In reverse osmosis, an applied pressure is used to overcome the osmotic pressure and push the water from high concentration of contaminants to low concentration of contaminants. This means it’s being forced in reverse and the contaminated water is trying to move into the pure water, but because it must pass through a filter first, the contaminants get trapped and only the pure water passes through; resulting in the cleanest possible drinking water – which is exactly what we want!

Reverse osmosis typically involves four stages of filtration: a sediment filter, pre-carbon block, reverse osmosis membrane, and post-carbon filter. The sediment filter removes the largest particles, like dirt, sand, and rust to prevent clogging of the subsequent filters. The pre-carbon filter uses activated carbon to prevent anything larger than a spec of flour from passing through as well as attracting and bonding with positively charged ions to prevent chemical compounds, like chlorine and chloramines, from passing through to the third filter. The reverse osmosis membrane then removes molecules heavier than water, such as sodium, high levels of lead, dissolved minerals, and fluoride. Finally, the post-carbon filter polishes the water.
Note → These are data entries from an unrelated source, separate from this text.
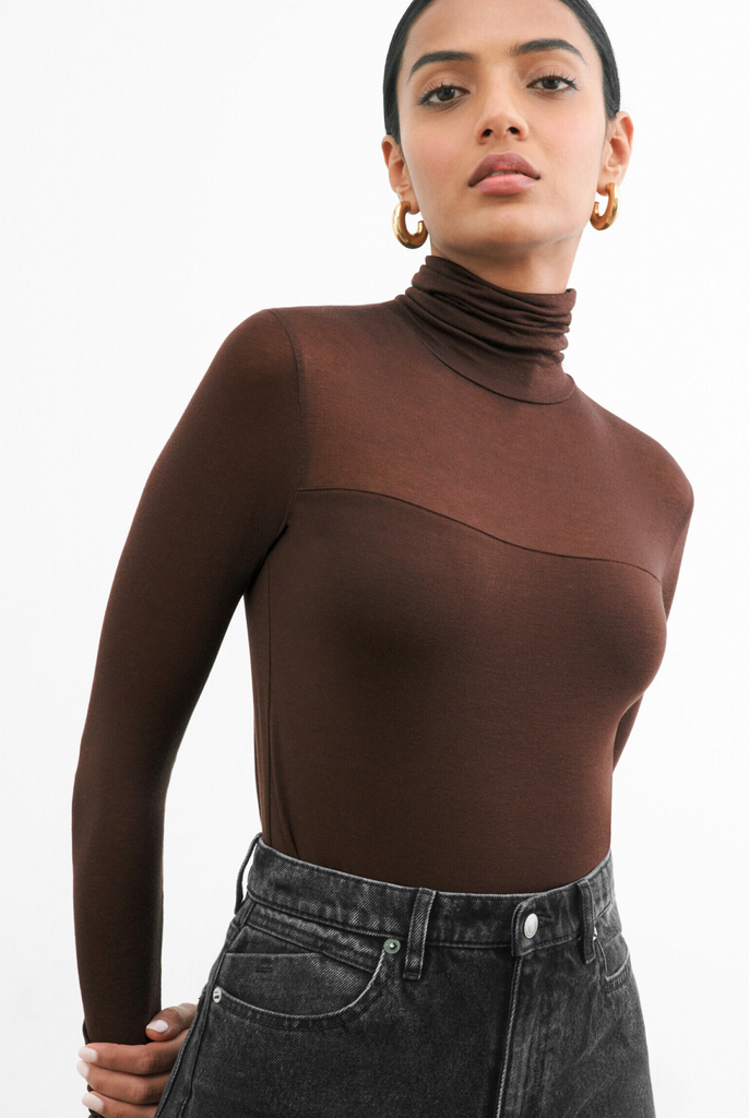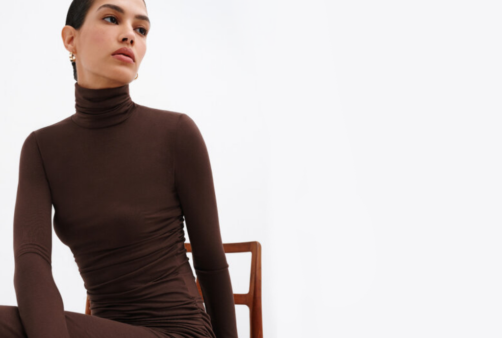 Another design that will take root in your closet? The Baxter Mockneck Dress in Espresso – a graceful long-sleeved maxi you’ll have on heavy repeat.
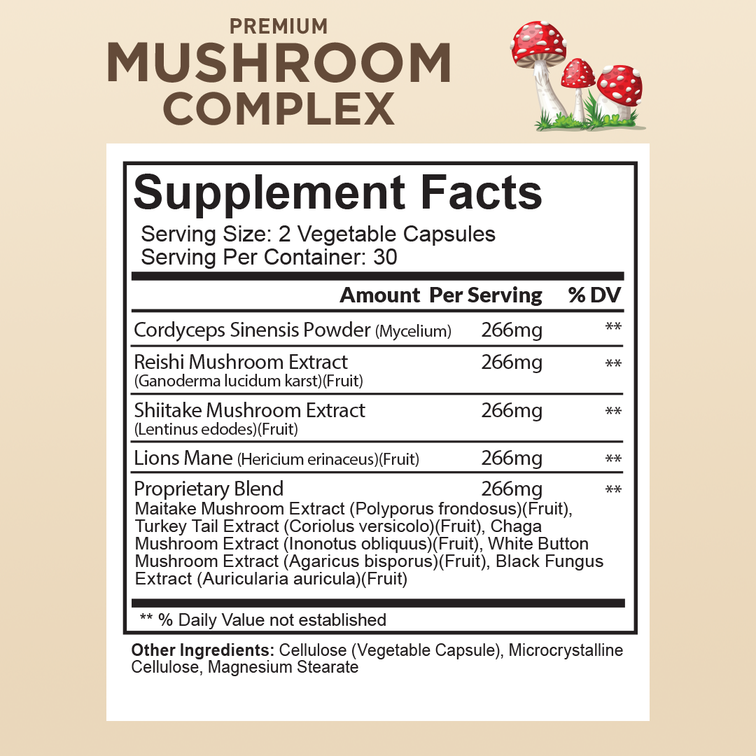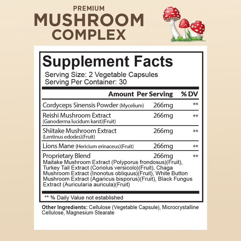 Mushroom Complex is a blend of premium super mushrooms lion's mane, cordyceps, reishi, and shitake mushrooms. Decrease stress, optimize energy levels, improve health.
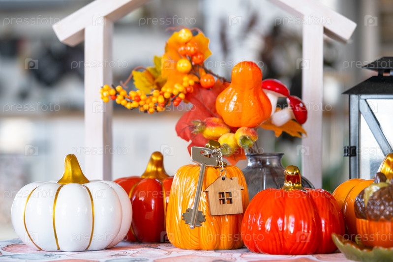 Уютный осенний декор на белой кухне с крошечным домом и ключами, тыквами, осенними листьями, осенним настроением, Хэллоуином, Праздником урожая, жильем, переселением, ипотекой, страховкой
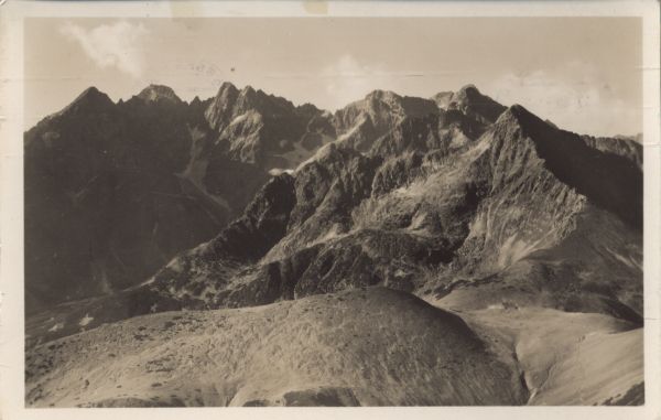 Widok z Tatr Bielskich na Przełecz pod Kop± i grupę Łomnicy.
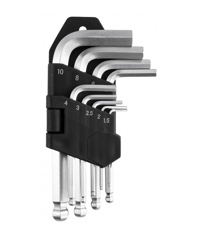 - zestaw 9 sztuk kluczy imbus - 1,5mm, 2mm, 2,5mm, 3mm, 4mm, 5mm, 6mm, 8mm, 10mm
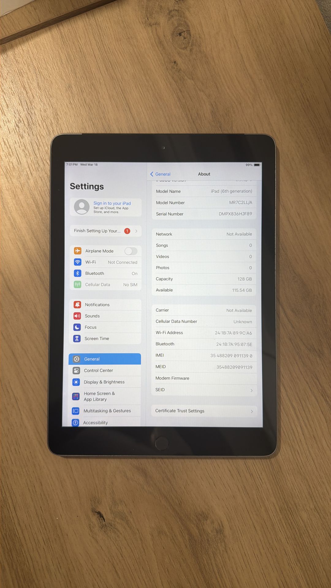 Excellent condition No restrictions iPad 6th gen with WiFi and cellular 128GB If you have more questions about the model please Google it - model is in the pictures
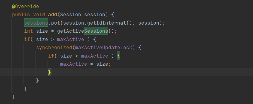 setId 메서드를 디버그로 타고 오면 ManagerBase 클래스의 add()로 넘어오게 된다. add는 Session을 받아서 Sessions에서 값을 추가하는 것을 볼 수 있다. 즉, 새로운 세션을 생성하는 것은 다음과 같은 순서대로 진행된다는 것이다
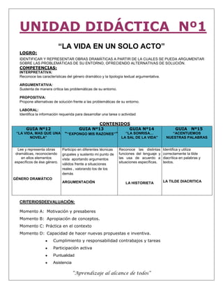 Este documento presenta una guía didáctica para la enseñanza del género dramático. Incluye definiciones de teatro, sus elementos básicos y técnicos, y diferentes géneros teatrales. Propone actividades como la lectura y representación de obras dramáticas, el desarrollo de un guión teatral a partir de un cuento, y la consulta sobre la obra de Oscar Wilde "El gigante egoísta". El objetivo es que los estudiantes aprendan sobre este género y puedan argumentar sobre problemáticas de su
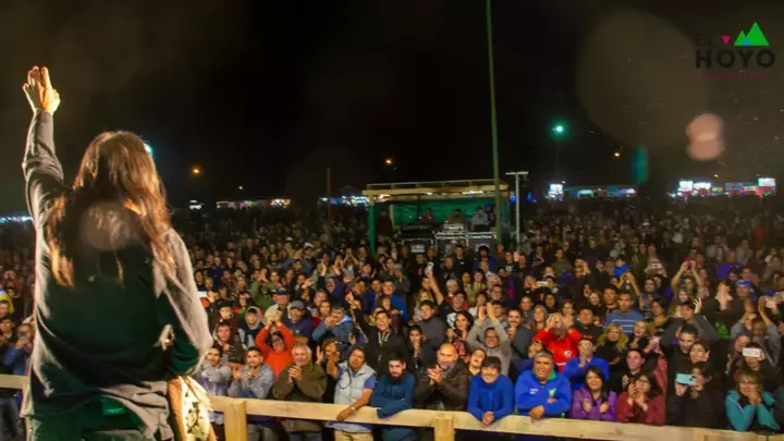 Patagonia invitó unos minutos al escenario a Soraya Malcoño, y juntos proclamaron el rechazo de los pueblos a la minería en el territorio chubutense.
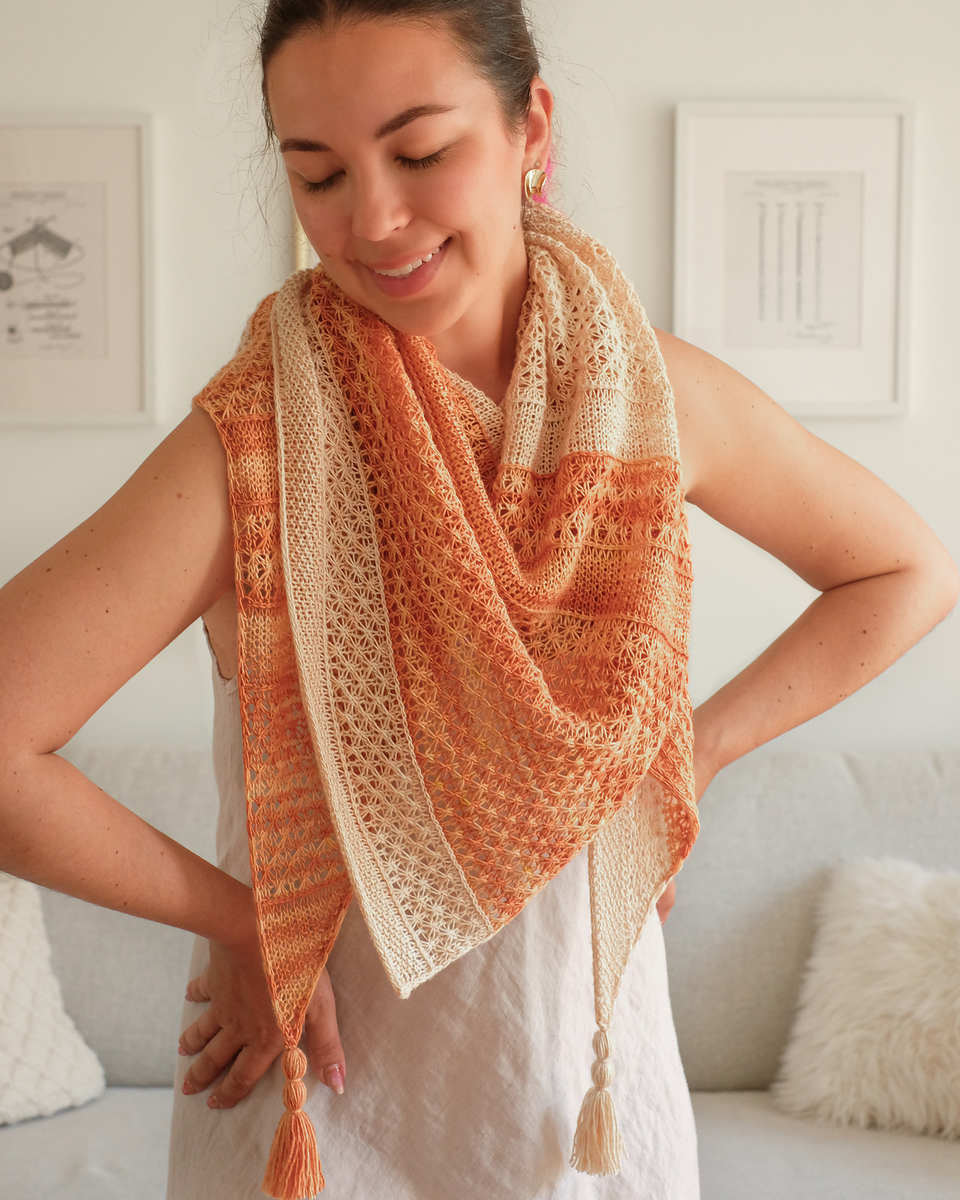 Есть шали которые просто греют. А есть такие которые цепляют взгляд и не отпускают. Работы Ксении Найдион(Ksenia Naidyon) как раз из второй категории. Их не пролистывают на автомате. На них останавливаются. Приближают экран. Разглядывают детали. И в какой то момент ловят себя на мысли, что руки уже тянутся к пряже. В мире вязания шалей сложно придумать что-то принципиально новое. Формы известны. Приемы знакомы. Но Ксения Найдион умудряется работать с классикой так, что она звучит свежо. Без кричащих эффектов. Без показной сложности. Спокойно и уверенно. Если вы хоть раз видели несколько ее работ подряд, появляется ощущение цельности. Не одинаковости, а именно авторского почерка. У Ксении Найдион нет случайных элементов. Каждый узор логично вытекает из предыдущего. Каждая линия поддерживает форму. Она любит ритм. Любит когда узор дышит. Где то дает паузу. Где то усложняет. И за счет этого шаль не выглядит перегруженной даже если схема кажется насыщенной. Это важный момент для тех, кт

Reverse osmosis differs from carbon filtration in that it can rid the water of up to 99.9% of all contaminants and sediments, or particles as small as .001 micron, whereas carbon filtration can only remove particles as small as 1 micron. Your local tap water could be award-worthy clean when it leaves the municipal plant but as it travels miles from the plant to your glass it could pick up a host of contaminants or it may have a naturally high number of total dissolved solids (TDS) in the water, so it would be best to get a reverse osmosis filtration system to safeguard that your water is contaminant-free.